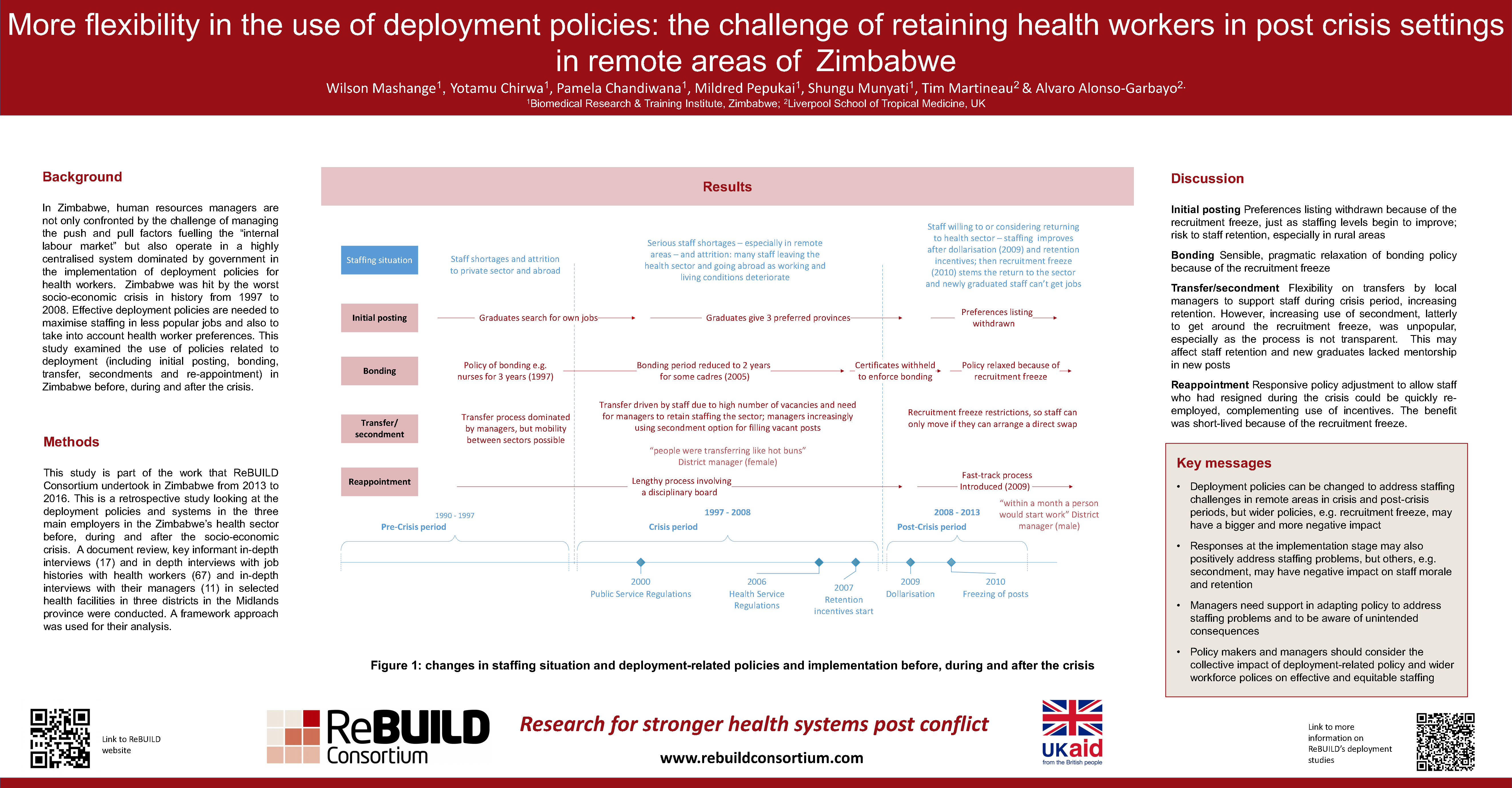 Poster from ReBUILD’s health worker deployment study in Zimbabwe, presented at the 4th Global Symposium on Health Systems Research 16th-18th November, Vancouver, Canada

************

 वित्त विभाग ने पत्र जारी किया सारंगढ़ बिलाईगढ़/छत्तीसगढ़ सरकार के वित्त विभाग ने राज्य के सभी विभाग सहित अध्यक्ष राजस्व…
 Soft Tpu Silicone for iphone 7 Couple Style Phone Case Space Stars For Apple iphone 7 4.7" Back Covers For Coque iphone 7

************

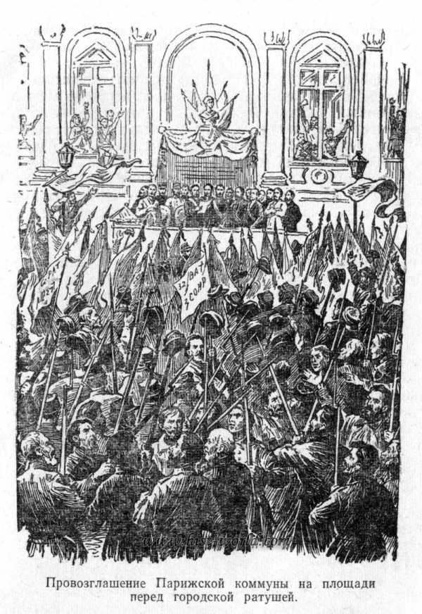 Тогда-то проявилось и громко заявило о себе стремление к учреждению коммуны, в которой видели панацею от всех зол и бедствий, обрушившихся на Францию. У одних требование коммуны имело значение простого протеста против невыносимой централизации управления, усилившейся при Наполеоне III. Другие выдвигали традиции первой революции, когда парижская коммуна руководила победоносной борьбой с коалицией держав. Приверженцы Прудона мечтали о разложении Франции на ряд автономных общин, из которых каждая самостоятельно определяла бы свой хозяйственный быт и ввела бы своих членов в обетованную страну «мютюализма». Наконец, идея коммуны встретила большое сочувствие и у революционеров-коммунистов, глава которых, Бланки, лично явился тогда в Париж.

************

*Assignment*. Going back to the entries above, set down exactly the lines that begin at the one with "वित्त विभाग ने पत्र" and end at the one with "Soft Tpu Silicone", both included, and nothing else.

*Response to the exercise*.
 वित्त विभाग ने पत्र जारी किया सारंगढ़ बिलाईगढ़/छत्तीसगढ़ सरकार के वित्त विभाग ने राज्य के सभी विभाग सहित अध्यक्ष राजस्व…
 Soft Tpu Silicone for iphone 7 Couple Style Phone Case Space Stars For Apple iphone 7 4.7" Back Covers For Coque iphone 7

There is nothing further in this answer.